→ **What the exercise asks**:
Reproduce the lines below exactly, from the one containing "спостерігаються які-небудь проблеми;" through the one containing "ターミナル駅「名古屋駅」に匹", both included. Leave out any pictures.

(Records from a collection)
---*---

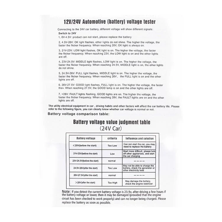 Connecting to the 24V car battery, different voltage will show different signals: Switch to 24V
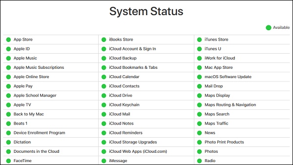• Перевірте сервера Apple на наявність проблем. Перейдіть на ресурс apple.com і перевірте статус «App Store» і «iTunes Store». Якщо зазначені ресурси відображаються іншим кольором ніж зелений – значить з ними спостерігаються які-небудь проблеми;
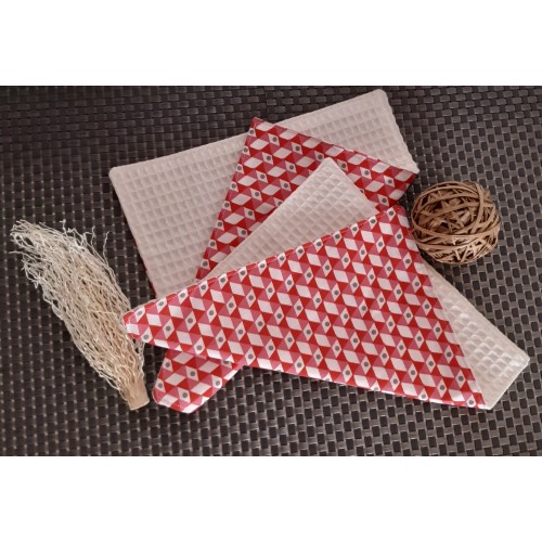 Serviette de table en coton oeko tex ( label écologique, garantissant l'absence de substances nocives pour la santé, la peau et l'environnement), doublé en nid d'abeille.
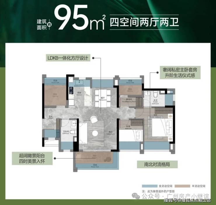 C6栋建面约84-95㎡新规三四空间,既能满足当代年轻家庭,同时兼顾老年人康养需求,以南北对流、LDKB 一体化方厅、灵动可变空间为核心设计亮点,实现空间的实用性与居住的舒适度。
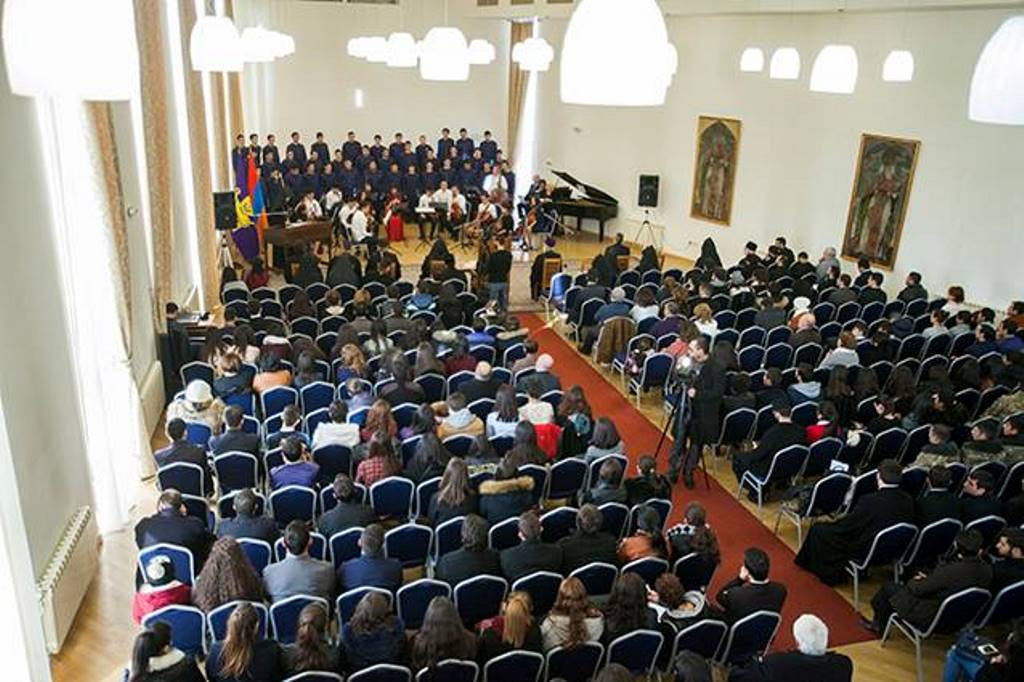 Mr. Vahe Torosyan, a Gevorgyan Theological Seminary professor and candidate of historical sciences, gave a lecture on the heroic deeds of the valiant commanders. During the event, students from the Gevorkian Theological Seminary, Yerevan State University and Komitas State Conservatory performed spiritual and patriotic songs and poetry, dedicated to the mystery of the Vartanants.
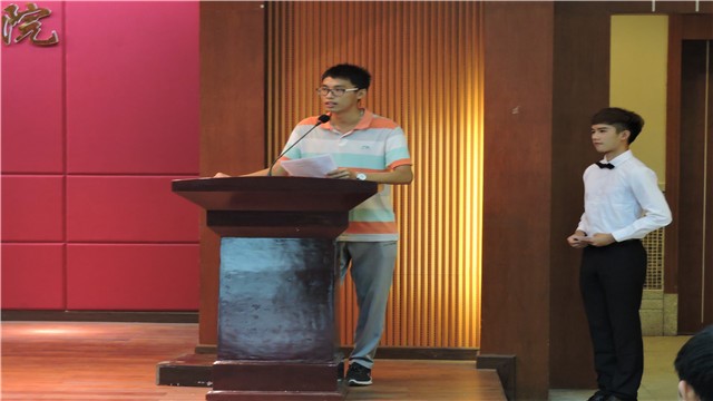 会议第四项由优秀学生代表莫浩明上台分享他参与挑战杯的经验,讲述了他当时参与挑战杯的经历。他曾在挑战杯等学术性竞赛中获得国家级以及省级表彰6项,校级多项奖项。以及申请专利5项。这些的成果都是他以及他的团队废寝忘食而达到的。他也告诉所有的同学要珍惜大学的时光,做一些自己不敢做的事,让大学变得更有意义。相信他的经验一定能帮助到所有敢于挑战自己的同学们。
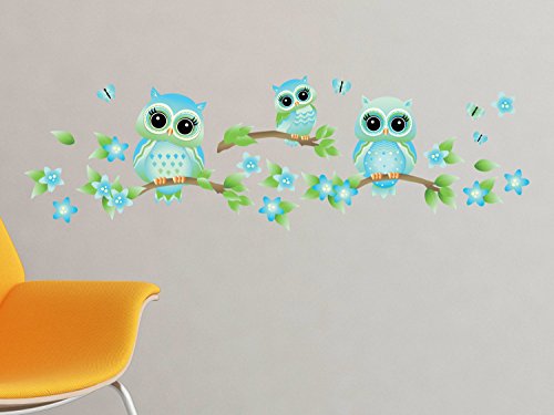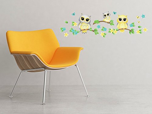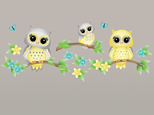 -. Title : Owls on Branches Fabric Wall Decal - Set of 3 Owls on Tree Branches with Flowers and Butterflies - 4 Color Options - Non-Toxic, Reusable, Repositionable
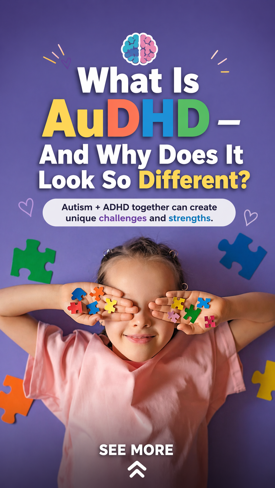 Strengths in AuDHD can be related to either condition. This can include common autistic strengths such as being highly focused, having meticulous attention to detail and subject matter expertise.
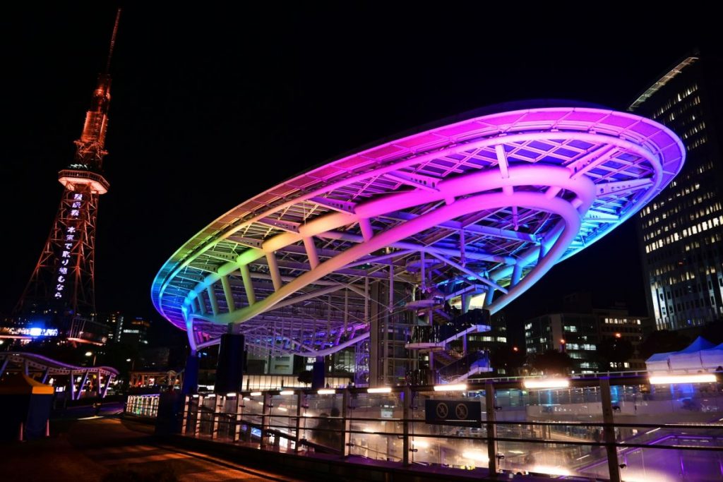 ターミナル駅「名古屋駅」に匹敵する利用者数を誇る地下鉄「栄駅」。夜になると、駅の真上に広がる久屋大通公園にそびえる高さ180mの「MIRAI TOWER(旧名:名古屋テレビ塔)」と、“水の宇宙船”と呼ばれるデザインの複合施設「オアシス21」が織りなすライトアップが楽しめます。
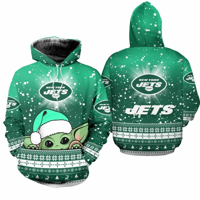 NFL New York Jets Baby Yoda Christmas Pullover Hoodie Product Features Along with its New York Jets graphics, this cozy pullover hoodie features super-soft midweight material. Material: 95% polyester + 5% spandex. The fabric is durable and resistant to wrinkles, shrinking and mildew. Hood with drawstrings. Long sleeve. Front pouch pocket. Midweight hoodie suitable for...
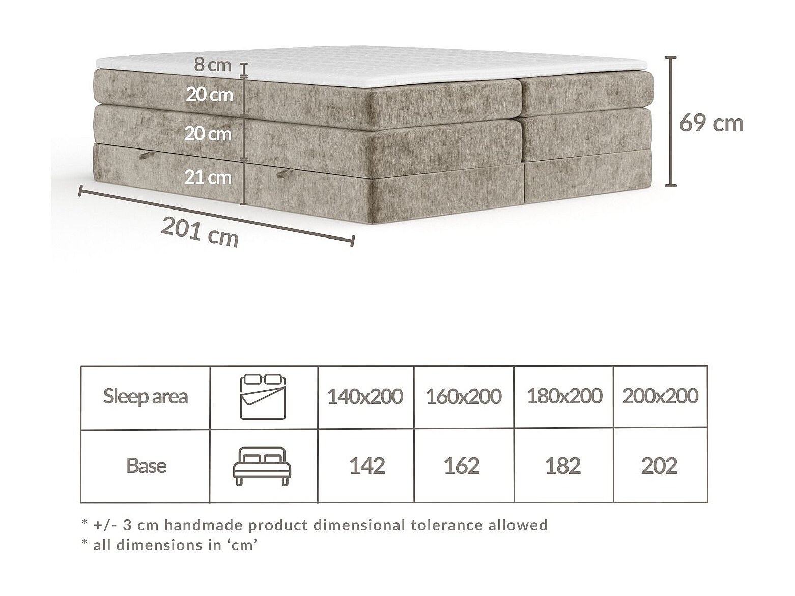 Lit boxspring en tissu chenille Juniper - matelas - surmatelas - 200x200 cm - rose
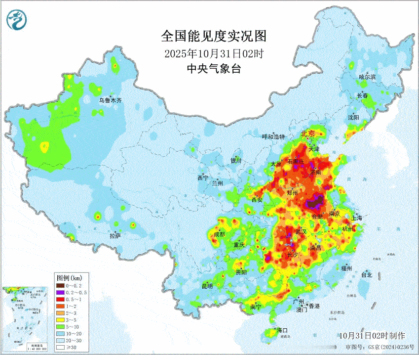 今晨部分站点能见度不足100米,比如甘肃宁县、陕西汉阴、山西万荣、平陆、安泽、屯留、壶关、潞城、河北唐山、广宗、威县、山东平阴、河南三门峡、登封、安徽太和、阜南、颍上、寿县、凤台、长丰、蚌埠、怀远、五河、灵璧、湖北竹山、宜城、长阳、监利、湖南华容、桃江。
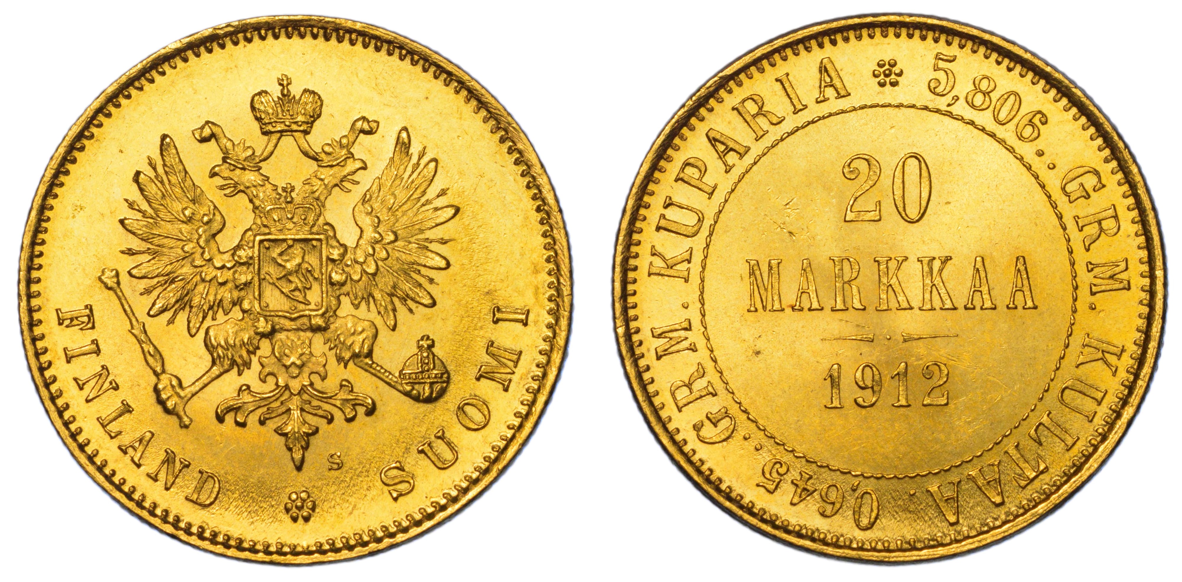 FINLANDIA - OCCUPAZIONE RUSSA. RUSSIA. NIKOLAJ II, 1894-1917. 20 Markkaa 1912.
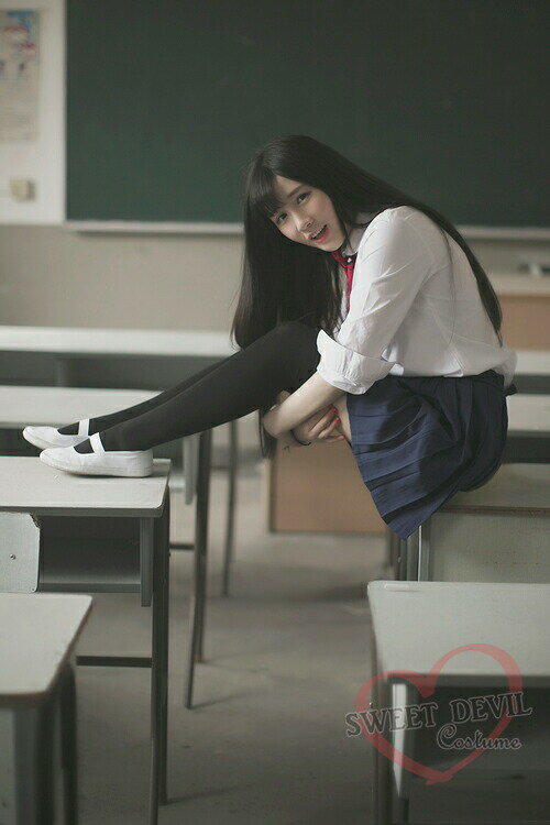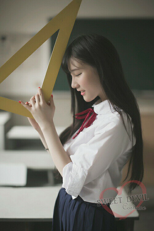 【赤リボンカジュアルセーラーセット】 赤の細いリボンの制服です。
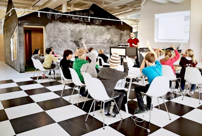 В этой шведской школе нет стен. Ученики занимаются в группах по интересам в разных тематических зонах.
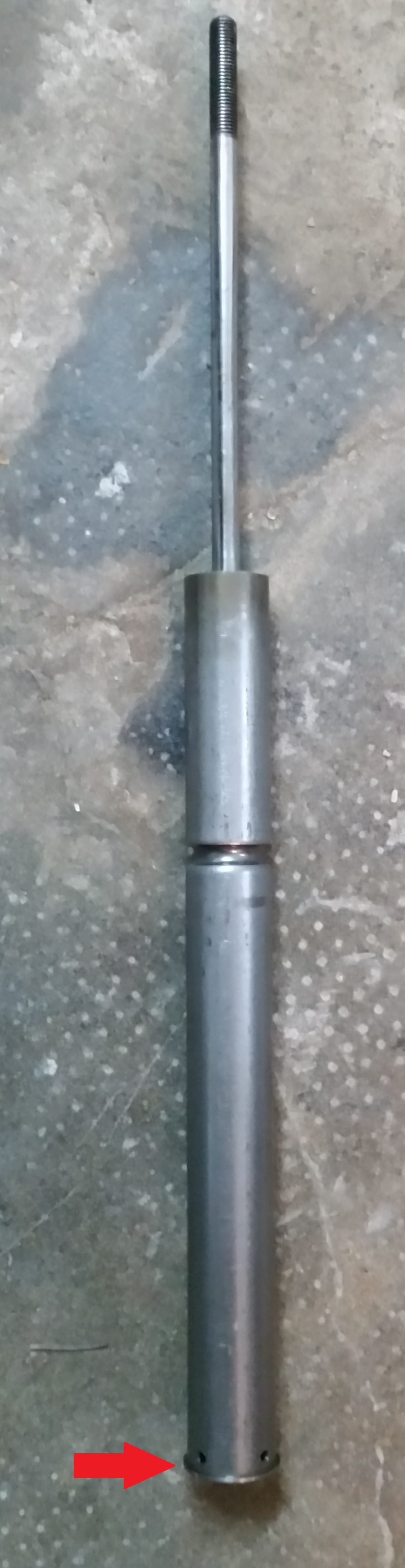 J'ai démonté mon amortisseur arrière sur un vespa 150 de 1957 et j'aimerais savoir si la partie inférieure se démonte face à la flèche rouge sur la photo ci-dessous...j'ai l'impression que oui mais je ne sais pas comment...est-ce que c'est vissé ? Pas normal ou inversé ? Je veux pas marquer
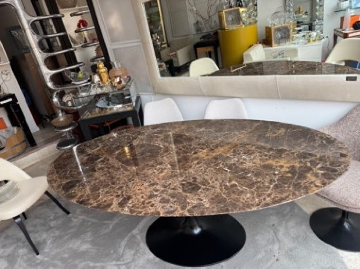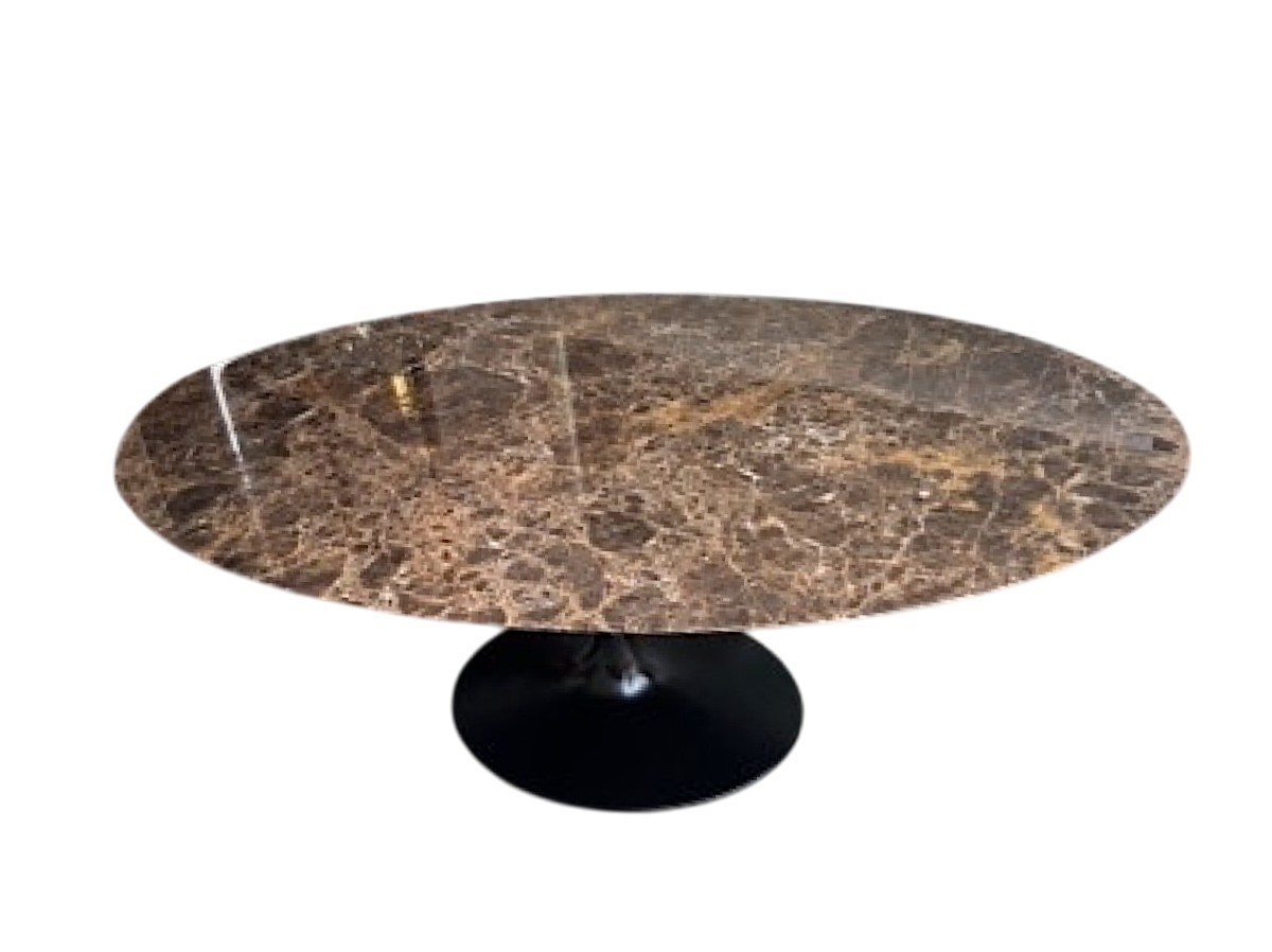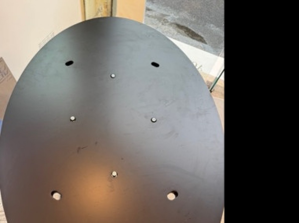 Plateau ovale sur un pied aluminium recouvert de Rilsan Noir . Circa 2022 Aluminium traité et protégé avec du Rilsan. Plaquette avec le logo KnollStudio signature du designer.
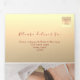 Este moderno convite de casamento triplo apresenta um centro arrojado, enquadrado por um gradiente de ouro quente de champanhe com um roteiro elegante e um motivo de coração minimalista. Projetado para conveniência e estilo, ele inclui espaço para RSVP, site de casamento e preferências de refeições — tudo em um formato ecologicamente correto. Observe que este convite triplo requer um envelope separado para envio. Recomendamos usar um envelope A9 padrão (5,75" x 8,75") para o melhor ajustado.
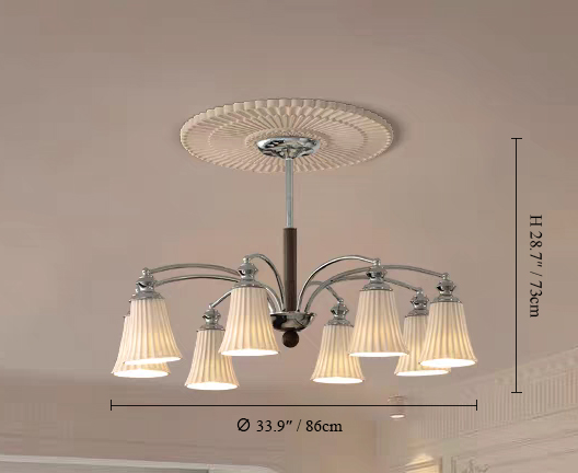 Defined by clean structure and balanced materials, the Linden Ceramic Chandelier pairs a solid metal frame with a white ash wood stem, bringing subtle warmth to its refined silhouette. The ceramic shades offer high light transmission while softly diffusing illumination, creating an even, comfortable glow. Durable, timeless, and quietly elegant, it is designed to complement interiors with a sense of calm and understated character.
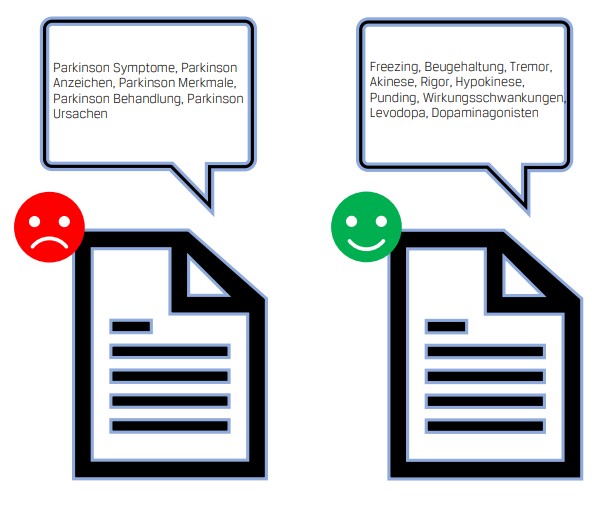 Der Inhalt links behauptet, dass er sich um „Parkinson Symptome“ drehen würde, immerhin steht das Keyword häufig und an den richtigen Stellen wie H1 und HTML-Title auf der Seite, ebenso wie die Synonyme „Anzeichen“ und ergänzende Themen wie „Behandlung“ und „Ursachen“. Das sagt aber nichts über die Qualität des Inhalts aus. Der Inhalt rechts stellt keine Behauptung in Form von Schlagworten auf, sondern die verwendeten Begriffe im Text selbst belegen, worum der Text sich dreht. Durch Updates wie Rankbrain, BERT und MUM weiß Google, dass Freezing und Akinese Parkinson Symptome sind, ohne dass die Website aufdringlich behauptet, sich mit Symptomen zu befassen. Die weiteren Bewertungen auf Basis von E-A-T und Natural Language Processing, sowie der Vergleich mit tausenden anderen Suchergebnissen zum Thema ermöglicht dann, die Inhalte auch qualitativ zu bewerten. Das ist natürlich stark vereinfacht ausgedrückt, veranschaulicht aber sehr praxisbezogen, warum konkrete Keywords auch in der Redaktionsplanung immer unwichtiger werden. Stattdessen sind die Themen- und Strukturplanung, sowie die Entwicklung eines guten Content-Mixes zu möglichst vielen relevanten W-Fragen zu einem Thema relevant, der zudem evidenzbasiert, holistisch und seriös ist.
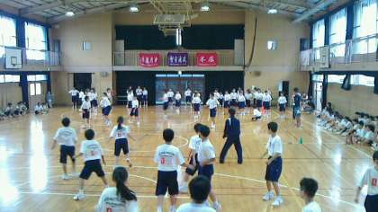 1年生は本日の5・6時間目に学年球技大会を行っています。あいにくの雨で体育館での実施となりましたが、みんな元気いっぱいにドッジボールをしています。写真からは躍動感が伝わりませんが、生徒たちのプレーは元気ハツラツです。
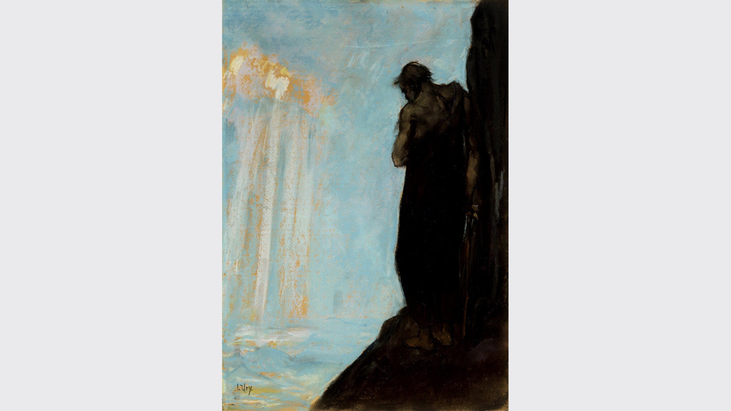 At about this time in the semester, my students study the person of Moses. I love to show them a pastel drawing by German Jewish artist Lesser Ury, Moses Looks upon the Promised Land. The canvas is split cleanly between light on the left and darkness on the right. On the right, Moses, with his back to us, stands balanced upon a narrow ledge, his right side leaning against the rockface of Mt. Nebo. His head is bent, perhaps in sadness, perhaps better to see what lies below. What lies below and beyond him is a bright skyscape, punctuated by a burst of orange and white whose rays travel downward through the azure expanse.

---*---

→ **Reply to the task**:
• Перевірте сервера Apple на наявність проблем. Перейдіть на ресурс apple.com і перевірте статус «App Store» і «iTunes Store». Якщо зазначені ресурси відображаються іншим кольором ніж зелений – значить з ними спостерігаються які-небудь проблеми;
 Serviette de table en coton oeko tex ( label écologique, garantissant l'absence de substances nocives pour la santé, la peau et l'environnement), doublé en nid d'abeille.
 C6栋建面约84-95㎡新规三四空间,既能满足当代年轻家庭,同时兼顾老年人康养需求,以南北对流、LDKB 一体化方厅、灵动可变空间为核心设计亮点,实现空间的实用性与居住的舒适度。
 Mr. Vahe Torosyan, a Gevorgyan Theological Seminary professor and candidate of historical sciences, gave a lecture on the heroic deeds of the valiant commanders. During the event, students from the Gevorkian Theological Seminary, Yerevan State University and Komitas State Conservatory performed spiritual and patriotic songs and poetry, dedicated to the mystery of the Vartanants.
 会议第四项由优秀学生代表莫浩明上台分享他参与挑战杯的经验,讲述了他当时参与挑战杯的经历。他曾在挑战杯等学术性竞赛中获得国家级以及省级表彰6项,校级多项奖项。以及申请专利5项。这些的成果都是他以及他的团队废寝忘食而达到的。他也告诉所有的同学要珍惜大学的时光,做一些自己不敢做的事,让大学变得更有意义。相信他的经验一定能帮助到所有敢于挑战自己的同学们。
 -. Title : Owls on Branches Fabric Wall Decal - Set of 3 Owls on Tree Branches with Flowers and Butterflies - 4 Color Options - Non-Toxic, Reusable, Repositionable
 Strengths in AuDHD can be related to either condition. This can include common autistic strengths such as being highly focused, having meticulous attention to detail and subject matter expertise.
 ターミナル駅「名古屋駅」に匹敵する利用者数を誇る地下鉄「栄駅」。夜になると、駅の真上に広がる久屋大通公園にそびえる高さ180mの「MIRAI TOWER(旧名:名古屋テレビ塔)」と、“水の宇宙船”と呼ばれるデザインの複合施設「オアシス21」が織りなすライトアップが楽しめます。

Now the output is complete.